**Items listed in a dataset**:
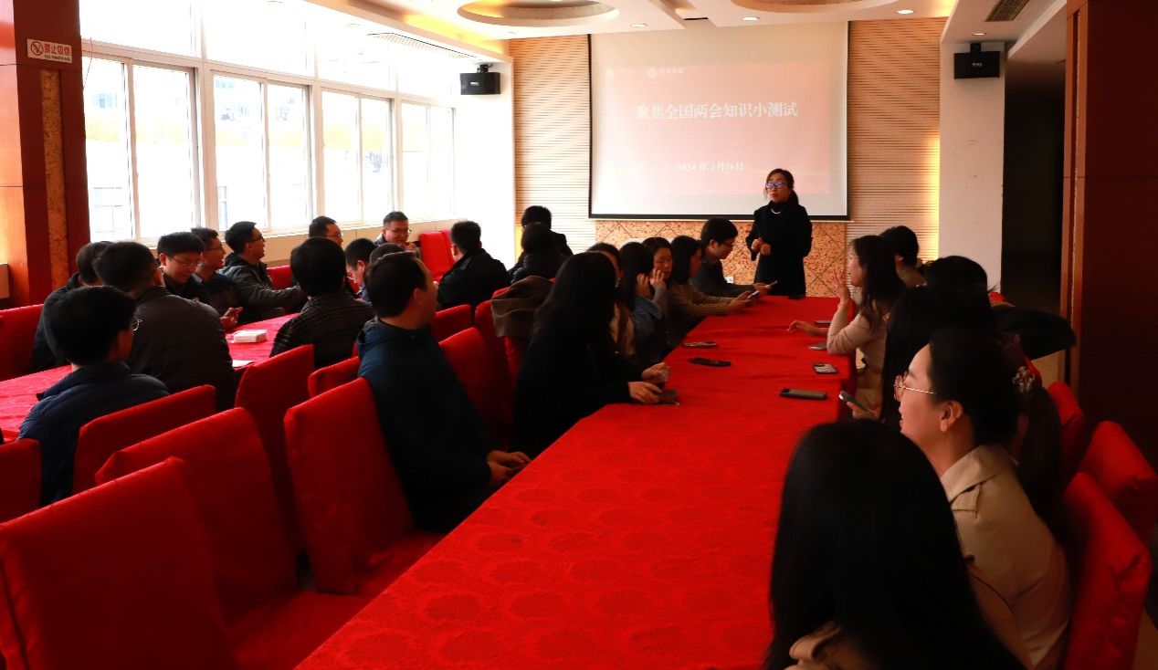 知识竞答开展前期,学院全体教职工通过主流学习平台进一步深入学习了2024年全国两会精神,在知识竞答现场,广大教师积极参与比赛,并积极思考激烈抢答,进一步激发了老师们关注时政,以实际行动践行两会精神的热情。
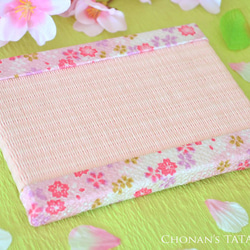 まんまるの小さな椿が咲いているちりめん生地と、熊本県八代産の天然い草を使った畳表(たたみおもて・ゴザ部分)をあわせたミニ畳です。
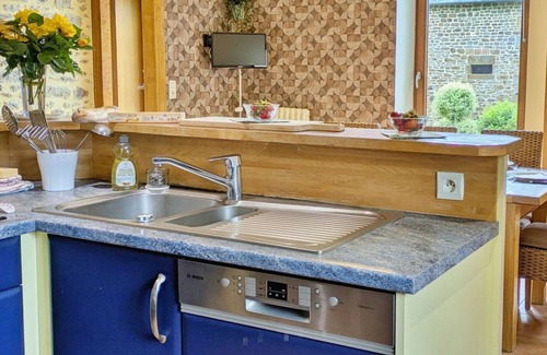 For a family stay, you'll appreciate the spacious dining room with fireplace, the well-equipped kitchen, the living room, and the four bedrooms. Each bedroom has its own sink, and a shared shower is accessible to all. The master bedroom has its own private bathroom. The cottage is near a working dairy farm. Places to discover:
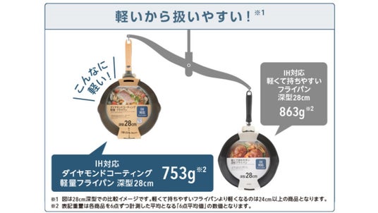 一例としてIH対応深型28cmの重量は約753gで、「ホームコーディ IH対応軽く持ちやすいフライパン深型28cm」より約13%の軽量化を実現しています。
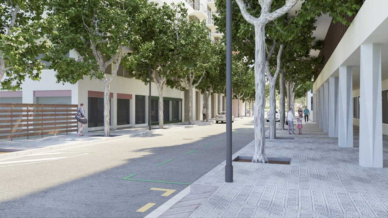 - La proposta s’emmarca dins del conjunt de les diferents actuacions dutes a terme o projectades al barri i de les necessitats del veïnat i usuaris del carrer. També preveu preservar l’arbrat existent, amb exemplars que donen una coberta verda a tot el carrer
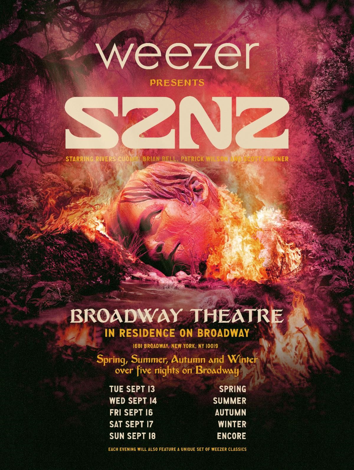 Each night’s show will correspond with a different SZNZ EP with WEEZER digging into its deep catalog to play a unique set of classics, many of which have not been played in years. The fifth night will be a mix of all the songs from SZNZ and WEEZER fan favorites from the previous four nights.
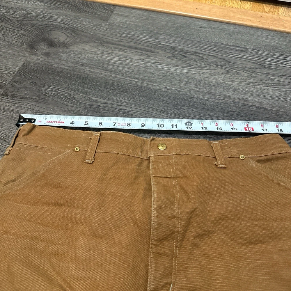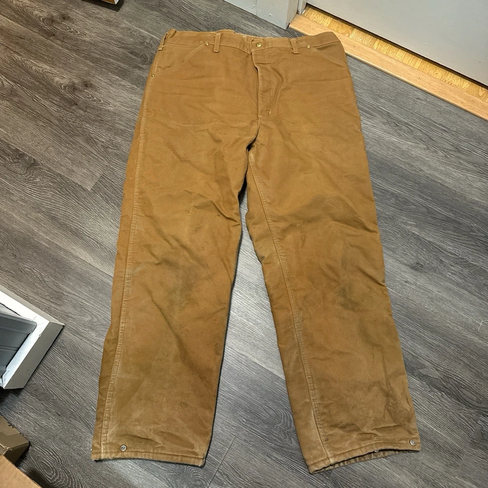 Vintage 1989 CARHARTT Tan Workwear Jeans Pants USAMade Red Quilted Lining Union Vintage 1989 Carhartt Lined Pants 100 Years Tagged Size 38x30 measurements fit 36x30 Great Fade & Wear & Stains Shown #carhartt #lined #vintage
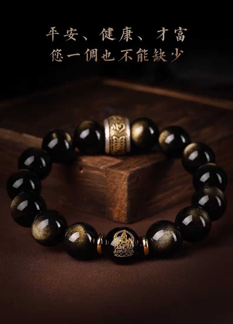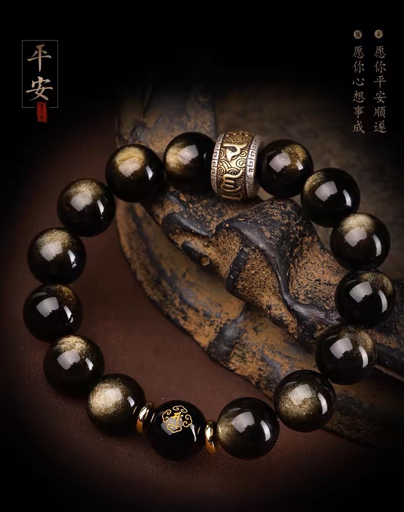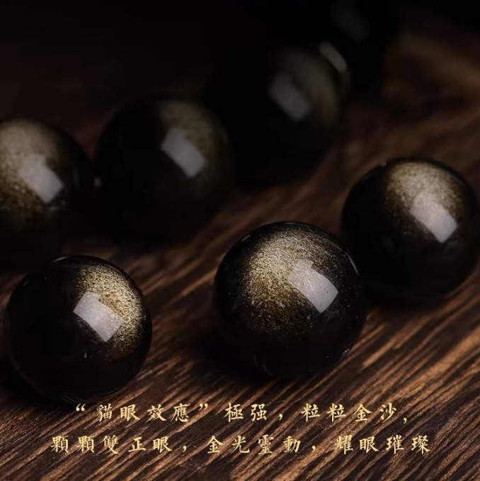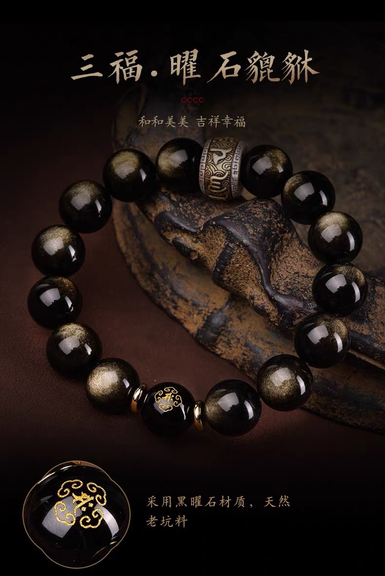 厂家直销保真天然黑曜石手链男士金曜石手串男女本命年生肖蛇佛珠
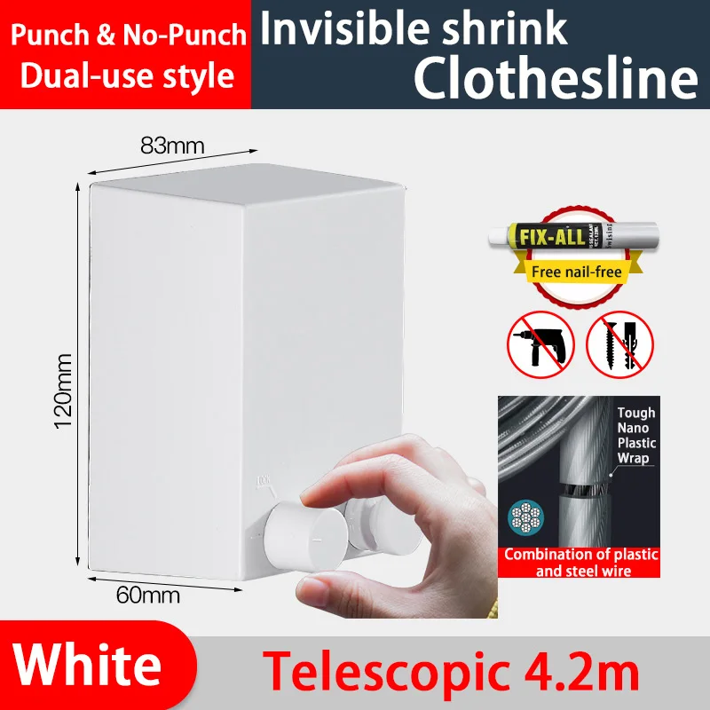 Описание: Балкон бельевая веревка отель настенный из нержавеющей стали бельевая веревка невидимая телескопическая Название: Новая невидимая бельевая веревка Материал: АБС-пластик + Толстая стальная проволока Размер: 11*7*6 Вес: 500 г Примечание: метод установки без перфорации не подходит для штукатурных стен, подходит для плиточных стен. Характеристики: Корпус из АБС-пластика, внутренняя конструкция из космоса и алюминия, прочный трос. Простота использования-просто удлините кабель и Повесьте его на противоположный настенный замок, чтобы получить достаточно места для стирки Бельевая веревка выдерживает вес около 20 кг, а бельевая веревка выдерживает более высокие весы в зависимости от ситуации. Регулируемая Веревка: веревка для белья имеет выдвижную веревку длиной 4,2 м. Вы можете свободно выбрать расстояние подвешивания в зависимости от количества одежды. Защита от ржавчины: Бесплатная телескопическая сушилка из троса. Износостойкий/без ржавчины/без стальной проволоки. Два способа установки: 1. Способ установки пробойника [прочный, без требований к стенам] 2. Тип без перфорации-оснащен методом установки клея без гвоздей [прочный, не повреждает стену/установку]. Без перфорации-это новый способ установки, который прост и удобен в установке, не оставляет следов и красивый внешний вид, не повреждает поверхность стены, водонепроницаемый и прочный, И обладает высокой несущей способностью. После нанесения клея на стену в течение 3-5 дней клей без гвоздей полностью высохнет, а затем используется. Водонепроницаемый, влагостойкий и термостойкий. Посылка Бельевая веревка * 1, винт * 2, клей * 1 Примечания: 1. Измерения предмета, лежащего на столе, могут немного отличаться. 2. Реальный цвет изделия может немного отличаться от изображения на сайте из-за многих факторов, таких как яркость вашего монитора и ярсветильник при фотосъемке. Спасибо за понимание!
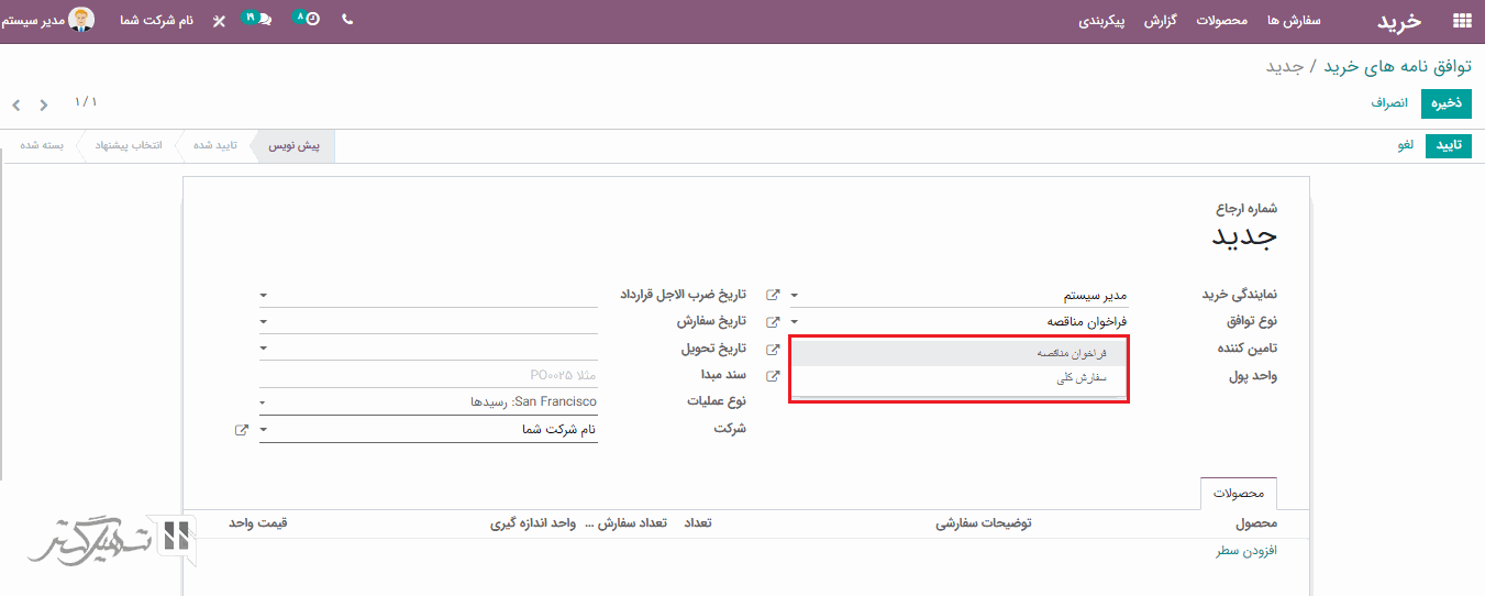 ماژول خرید اودوو 14 دو نوع توافق نامه خرید ارائه داده است:
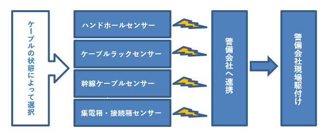 ケーブル盗難防止センサーの設置と、警備会社への自動通報・現場駆け付けをパッケージ提供します。
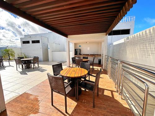 Condomínio Maceió Facílities 300m Cadeira Ponta Verde 2 Quartos 7 camas apresenta um terraço para banhos de sol.
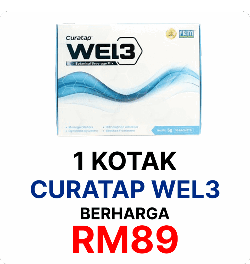 ✅ KETIGA: Ikhtiar dengan Curatap WEL3 — produk yang dah bantu ramai orang kawal gula & kurang rasa mencucuk. Guna konsisten 2–3 kotak, dan kami bantu sampai dapat hasil.
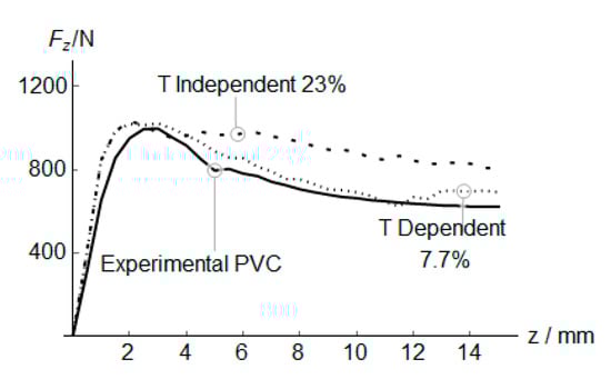 The temperature generated by the friction and inelastic deformation is the primary mechanism involved in the reduction of the mean vertical force. Mulliken et al. [28] through a Dynamic Mechanical Analysis (DMA) thermogram of PVC, showed that the ratio between loss and storage modulus (tan δ) increases from 0.015 at room temperatures up to 0.075 at 74 °C that is the maximum temperature registered during the forming process. This increment of temperature is not homogeneous in the whole section (Figure 9), but in the elements in contact with the punch, subjected to compression stress states, exhibits the higher temperature while the elements in the external surface subjected to traction, the increase of temperature is reduced. For this reason, in the range of temperatures studied, the viscoelastic nonlinearities do not have a significant influence on the forming process of PVC.
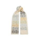 Lo stile e deciso e contemporaneo, perfetto per completare outfit urbani o casual. Si abbina facilmente a cappotti scuri, giacche oversize o capi minimal, creando un contrasto visivo interessante. Il tessuto appare morbido e abbastanza strutturato, probabilmente in lana o misto lana, pensato per offrire calore nelle stagioni piu fredde. Il design ampio consente di utilizzare il foulard anche come sciarpa avvolgente, mantenendo sempre visibili gli elementi grafici iconici.
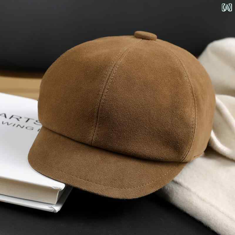 キャスケット ハンチング UV 紫外線 カット キャスケット ハンチング UV 紫外線 カット で エレガントな 革 六角形の 帽子 女性用 キャスケット 新聞 ファッション 秋冬 短い つば 付き レザーの ピーク ハット
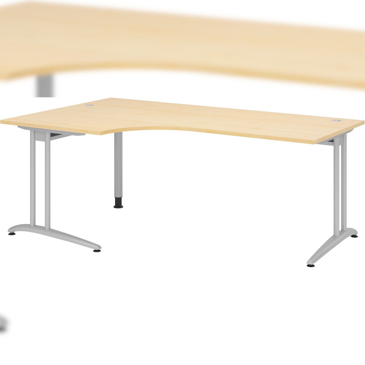 bümö Eckschreibtisch groß, B-Serie 200x120 cm, Tischplatte aus Holz in Ahorn, Gestell aus Metall - Schreibtisch L Form, großer Tisch für's Büro,
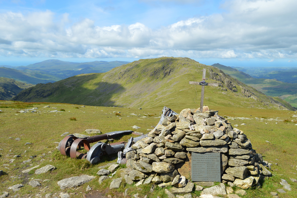 After leaving Swirl How summit I found my way down to the Memorial of the British Halifax Mk V Bomber which crashed here after hitting the steep crags over Broad Slack during bad weather in October 1944 All eight crew members including seven Canadians and one Scotsman the youngest of which was just nineteen years of age died instantly.
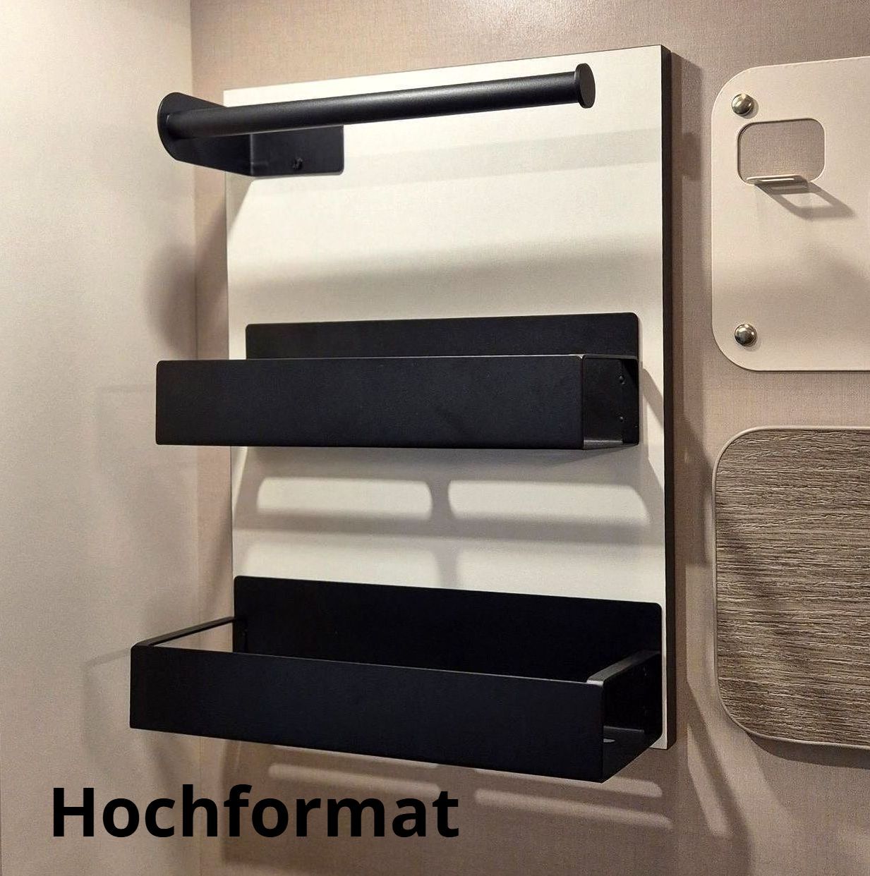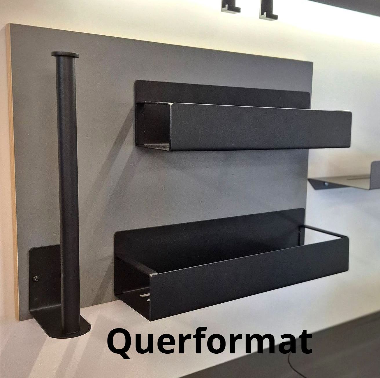 Hochwertig verarbeiteter, pulverbeschichteter Stahl in der Farbe mattschwarz. Modernes Design mit abgerundeten Ecken.

**Problem description**: Your output must match the records word for word, apart from the images, which are left out.

**Response**:
 知识竞答开展前期,学院全体教职工通过主流学习平台进一步深入学习了2024年全国两会精神,在知识竞答现场,广大教师积极参与比赛,并积极思考激烈抢答,进一步激发了老师们关注时政,以实际行动践行两会精神的热情。
 まんまるの小さな椿が咲いているちりめん生地と、熊本県八代産の天然い草を使った畳表(たたみおもて・ゴザ部分)をあわせたミニ畳です。
 For a family stay, you'll appreciate the spacious dining room with fireplace, the well-equipped kitchen, the living room, and the four bedrooms. Each bedroom has its own sink, and a shared shower is accessible to all. The master bedroom has its own private bathroom. The cottage is near a working dairy farm. Places to discover:
 一例としてIH対応深型28cmの重量は約753gで、「ホームコーディ IH対応軽く持ちやすいフライパン深型28cm」より約13%の軽量化を実現しています。
 - La proposta s’emmarca dins del conjunt de les diferents actuacions dutes a terme o projectades al barri i de les necessitats del veïnat i usuaris del carrer. També preveu preservar l’arbrat existent, amb exemplars que donen una coberta verda a tot el carrer
 Each night’s show will correspond with a different SZNZ EP with WEEZER digging into its deep catalog to play a unique set of classics, many of which have not been played in years. The fifth night will be a mix of all the songs from SZNZ and WEEZER fan favorites from the previous four nights.
 Vintage 1989 CARHARTT Tan Workwear Jeans Pants USAMade Red Quilted Lining Union Vintage 1989 Carhartt Lined Pants 100 Years Tagged Size 38x30 measurements fit 36x30 Great Fade & Wear & Stains Shown #carhartt #lined #vintage
 厂家直销保真天然黑曜石手链男士金曜石手串男女本命年生肖蛇佛珠
 Описание: Балкон бельевая веревка отель настенный из нержавеющей стали бельевая веревка невидимая телескопическая Название: Новая невидимая бельевая веревка Материал: АБС-пластик + Толстая стальная проволока Размер: 11*7*6 Вес: 500 г Примечание: метод установки без перфорации не подходит для штукатурных стен, подходит для плиточных стен. Характеристики: Корпус из АБС-пластика, внутренняя конструкция из космоса и алюминия, прочный трос. Простота использования-просто удлините кабель и Повесьте его на противоположный настенный замок, чтобы получить достаточно места для стирки Бельевая веревка выдерживает вес около 20 кг, а бельевая веревка выдерживает более высокие весы в зависимости от ситуации. Регулируемая Веревка: веревка для белья имеет выдвижную веревку длиной 4,2 м. Вы можете свободно выбрать расстояние подвешивания в зависимости от количества одежды. Защита от ржавчины: Бесплатная телескопическая сушилка из троса. Износостойкий/без ржавчины/без стальной проволоки. Два способа установки: 1. Способ установки пробойника [прочный, без требований к стенам] 2. Тип без перфорации-оснащен методом установки клея без гвоздей [прочный, не повреждает стену/установку]. Без перфорации-это новый способ установки, который прост и удобен в установке, не оставляет следов и красивый внешний вид, не повреждает поверхность стены, водонепроницаемый и прочный, И обладает высокой несущей способностью. После нанесения клея на стену в течение 3-5 дней клей без гвоздей полностью высохнет, а затем используется. Водонепроницаемый, влагостойкий и термостойкий. Посылка Бельевая веревка * 1, винт * 2, клей * 1 Примечания: 1. Измерения предмета, лежащего на столе, могут немного отличаться. 2. Реальный цвет изделия может немного отличаться от изображения на сайте из-за многих факторов, таких как яркость вашего монитора и ярсветильник при фотосъемке. Спасибо за понимание!
 ماژول خرید اودوو 14 دو نوع توافق نامه خرید ارائه داده است:
 ケーブル盗難防止センサーの設置と、警備会社への自動通報・現場駆け付けをパッケージ提供します。
 Condomínio Maceió Facílities 300m Cadeira Ponta Verde 2 Quartos 7 camas apresenta um terraço para banhos de sol.
 ✅ KETIGA: Ikhtiar dengan Curatap WEL3 — produk yang dah bantu ramai orang kawal gula & kurang rasa mencucuk. Guna konsisten 2–3 kotak, dan kami bantu sampai dapat hasil.
 The temperature generated by the friction and inelastic deformation is the primary mechanism involved in the reduction of the mean vertical force. Mulliken et al. [28] through a Dynamic Mechanical Analysis (DMA) thermogram of PVC, showed that the ratio between loss and storage modulus (tan δ) increases from 0.015 at room temperatures up to 0.075 at 74 °C that is the maximum temperature registered during the forming process. This increment of temperature is not homogeneous in the whole section (Figure 9), but in the elements in contact with the punch, subjected to compression stress states, exhibits the higher temperature while the elements in the external surface subjected to traction, the increase of temperature is reduced. For this reason, in the range of temperatures studied, the viscoelastic nonlinearities do not have a significant influence on the forming process of PVC.
 Lo stile e deciso e contemporaneo, perfetto per completare outfit urbani o casual. Si abbina facilmente a cappotti scuri, giacche oversize o capi minimal, creando un contrasto visivo interessante. Il tessuto appare morbido e abbastanza strutturato, probabilmente in lana o misto lana, pensato per offrire calore nelle stagioni piu fredde. Il design ampio consente di utilizzare il foulard anche come sciarpa avvolgente, mantenendo sempre visibili gli elementi grafici iconici.
 キャスケット ハンチング UV 紫外線 カット キャスケット ハンチング UV 紫外線 カット で エレガントな 革 六角形の 帽子 女性用 キャスケット 新聞 ファッション 秋冬 短い つば 付き レザーの ピーク ハット
 bümö Eckschreibtisch groß, B-Serie 200x120 cm, Tischplatte aus Holz in Ahorn, Gestell aus Metall - Schreibtisch L Form, großer Tisch für's Büro,
 After leaving Swirl How summit I found my way down to the Memorial of the British Halifax Mk V Bomber which crashed here after hitting the steep crags over Broad Slack during bad weather in October 1944 All eight crew members including seven Canadians and one Scotsman the youngest of which was just nineteen years of age died instantly.
 Hochwertig verarbeiteter, pulverbeschichteter Stahl in der Farbe mattschwarz. Modernes Design mit abgerundeten Ecken.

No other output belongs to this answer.